I agree the semicolon solution is potentially dangerous. Any thoughts on the 2nd proposed solution? Handling escaped ampersands in query strings is pretty common these days. This site (Wikimedia Bugzilla), for example, handles them fine, as do most other large websites I've worked for.

Since we have workarounds, I'm fine with WONTFIX or INVALID, but I'm wondering if there's any downside to the adding the proposed fix.

(In reply to comment #5)

The URL isn't actually a link in this case. It's a javascript string that gets
conditionally used as the form action. Obviously we could move this out of
wikitext, but since these URLs get changed frequently, it's convenient to be
able to edit it without a code deploy.

I'm still not entirely clear on why the URL needs to contain & , could you clarify that?

The URL should NOT contain & - rather it needs to have just a '&' and NOT have it escaped (which turns it into '&').

We have solved it by using '\x26' in the wikitext, which gets output as & rather than & in the source. Anyway, the point of this bug was not fixing the URL, but "Do we want to support escaped ampersands in query strings?" A lot of web applications do, a lot don't. If we don't, I'll close the bug. If we do, I'll check in the code above.

I'm gonna take the initiative and resolve INVALID (I really want a 'WONTIMPLEMENT' to supplement 'WONTFIX', which implies it's a known problem we won't fix, rather than a valid, but not desired in this case, option).

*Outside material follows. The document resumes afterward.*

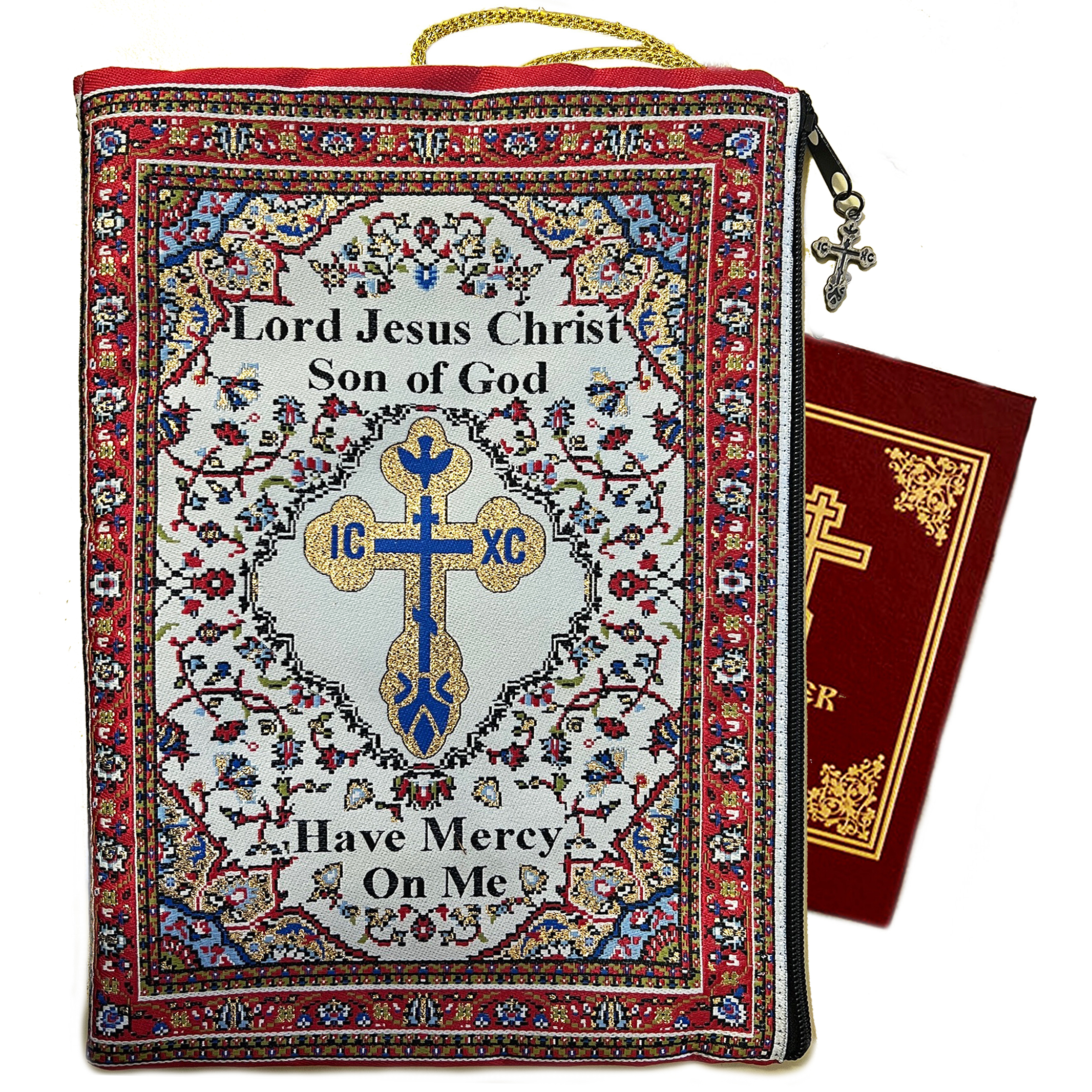 Bible not included - High quality tapestry pouch case - With three bar cross and dove above the cross symbolizes Holy Spirit

Messing with the options to accept semicolons as separators is possible, but has a bunch of problems:

  • would likely break things that submit freeform text in forms, since text can contain semicolons, so mixed-mode parsing gets confusing
  • the settings in php.ini aren't always editable
  • even when they are adjustable, PHP code can't change it as it's too late
  • it would be possible to reimplement the GET parameter extraction from scratch in WebRequest, but that doesn't seem worth the effort
  • more code paths and more URL variants just sounds icky

The sort of case where this originally came up -- hacky wikitext/HTML/JS mixture pages that use several layers of processing meant for other layers of processing to try to whip stuff together -- are good cases for more specialized systems of template generation that would reduce the need for manual intervention on the markup level.